RTI Health Solutions, Research Triangle Park, NC 27709, USA.
Value Health. 2011 Jul-Aug;14(5):657-64. doi: 10.1016/j.jval.2011.01.009. Epub 2011 Jun 12.
To estimate the cost-effectiveness of once-daily tenofovir/emtricitabine compared with twice-daily zidovudine/lamivudine and once-daily abacavir/lamivudine in treatment-naïve adults with HIV-1 infection in the United States.
A Markov model with four therapy lines and six health states based on CD4(+) cell-count ranges was developed to estimate lifetime costs and health outcomes. Efficacy data (virologic response and CD4(+) cell-count changes) for first-line therapy were from 144-week results of Study 934 comparing tenofovir/emtricitabine with zidovudine/lamivudine and 48-week results of Study CNA30024 comparing abacavir/lamivudine with zidovudine/lamivudine, all in combination with efavirenz. Data from Study CNA30024 for abacavir/lamivudine were adjusted to allow for an indirect comparison with tenofovir/emtricitabine. Subsequent therapy lines were based on likely baskets of antiretroviral therapy recommended by US treatment guidelines. Utility values, mortality rates, and costs (2009 US dollars) were obtained from published sources. Base-case results were tested in sensitivity and variability analyses.

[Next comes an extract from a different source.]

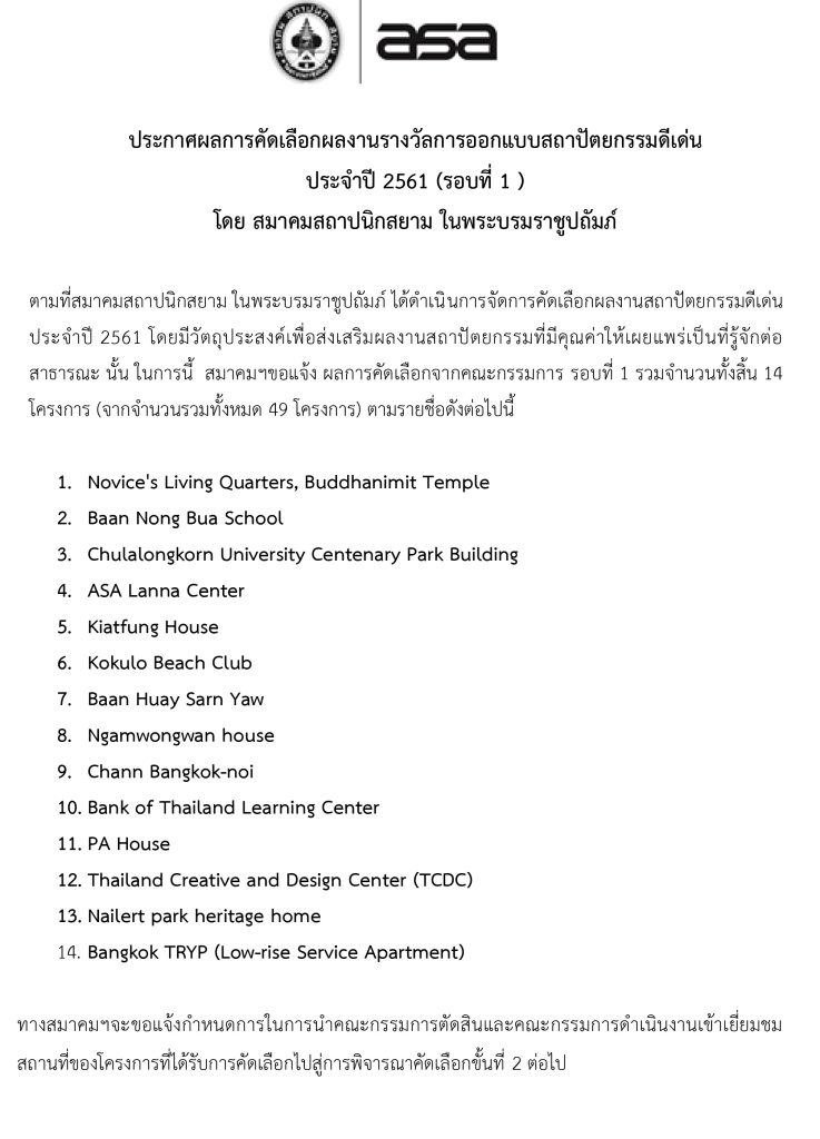 การประกาศผลการคัดเลือกรางวัลการออกแบบสถาปัตยกรรมดีเด่น รอบที่ 1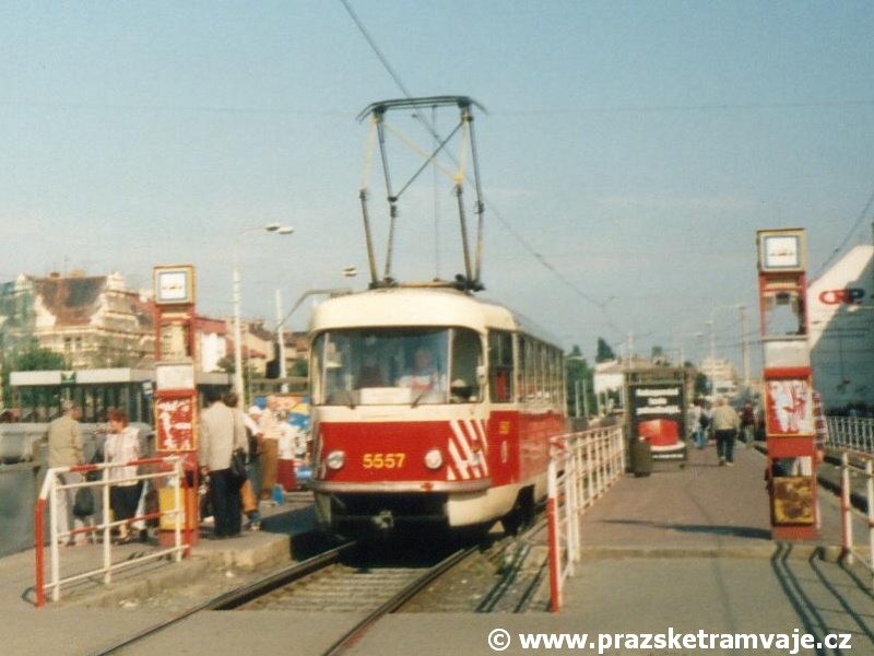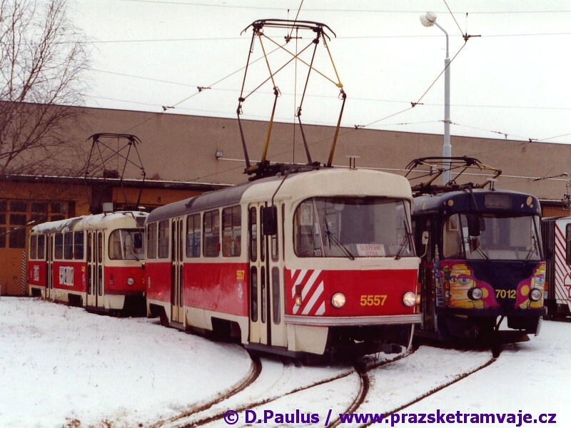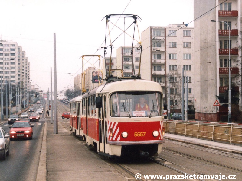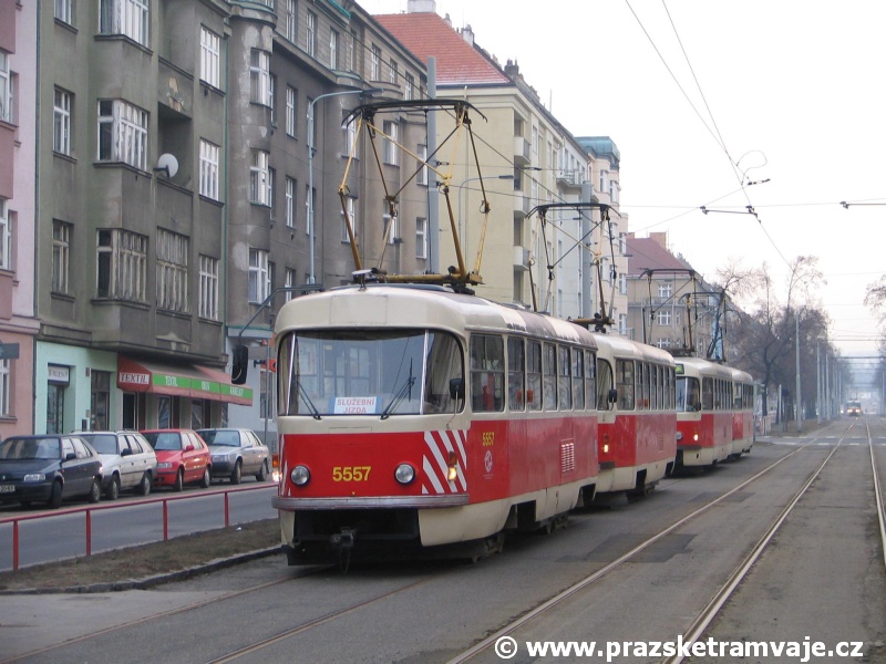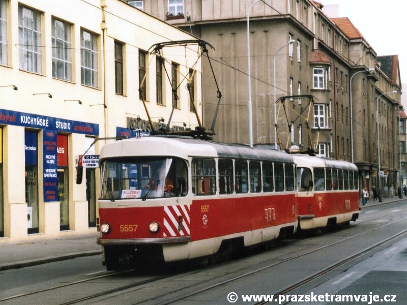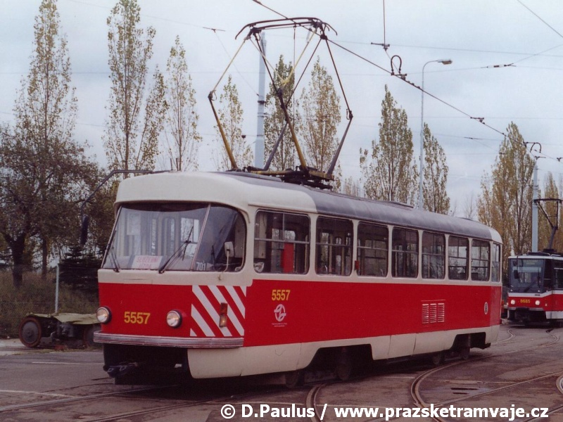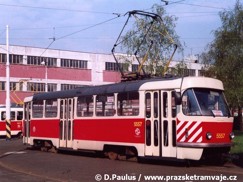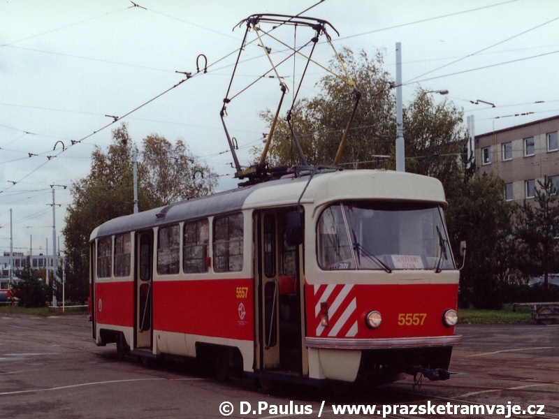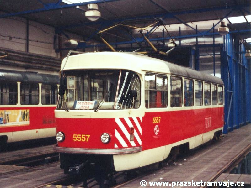 bílých bezpečnostních pruhů na čelech vozů. Výjimku tvoří vůz ev.č.5557, u kterého došlo k odstranění vnějších kolejniček pro osazení linkové

Average discounted results showed that individuals using tenofovir/emtricitabine were predicted to remain on first-line therapy for 7.7 years, accrue lifetime costs of $747,327, and experience 15.75 quality-adjusted life-years (QALYs), compared with 6.0 years, $777,090, and 15.68 QALYs for individuals using abacavir/lamivudine and 5.8 years, $778,287, and 15.44 QALYs for individuals using zidovudine/lamivudine. Tenofovir/emtricitabine was cost-effective compared with the other two first-line regimens in more than 75% of all probabilistic sensitivity analysis simulation runs for every willingness-to-pay threshold between $0 and $250,000 per QALY gained. Results were robust in variability and one-way sensitivity analyses.
Tenofovir/emtricitabine was predicted to be more effective and cost-saving compared with abacavir/lamivudine and zidovudine/lamivudine in treatment-naïve adults with HIV-1 infection in the United States.
评估替诺福韦/恩曲他滨每日 1 次方案与齐多夫定/拉米夫定每日 2 次方案和阿巴卡韦/拉米夫定每日 1 次方案相比,用于治疗初治 HIV-1 感染美国成人患者的成本效益。
采用马尔可夫模型,包含 4 条治疗线和 6 种健康状态,依据 CD4+细胞计数范围进行构建,以估计终生成本和健康结局。一线治疗的疗效数据(病毒学应答和 CD4+细胞计数变化)来自于比较替诺福韦/恩曲他滨与齐多夫定/拉米夫定的 144 周 934 研究和比较阿巴卡韦/拉米夫定与齐多夫定/拉米夫定的 48 周 CNA30024 研究,均联合应用依非韦伦。阿巴卡韦/拉米夫定的 CNA30024 研究数据经调整后可与替诺福韦/恩曲他滨进行间接比较。后续治疗线依据美国治疗指南推荐的可能的抗逆转录病毒治疗药物篮子。效用值、死亡率和成本(2009 年美元)均来自已发表的资料。基础病例结果经敏感度和变异性分析进行了检验。
平均折扣结果显示,使用替诺福韦/恩曲他滨的患者预计将继续使用一线治疗 7.7 年,终生费用为 747327 美元,获得 15.75 个质量调整生命年(QALY),而使用阿巴卡韦/拉米夫定的患者为 6.0 年、777090 美元和 15.68 QALY,使用齐多夫定/拉米夫定的患者为 5.8 年、778287 美元和 15.44 QALY。替诺福韦/恩曲他滨与其他两种一线方案相比,在每一种愿意支付的阈值(每获得 1 个 QALY 的费用在 0 美元至 250000 美元之间)下,在超过 75%的所有概率敏感性分析模拟运行中都具有成本效益。结果在变异性和单向敏感性分析中均具有稳健性。
替诺福韦/恩曲他滨在初治 HIV-1 感染美国成人患者中的疗效优于阿巴卡韦/拉米夫定和齐多夫定/拉米夫定,且成本更低。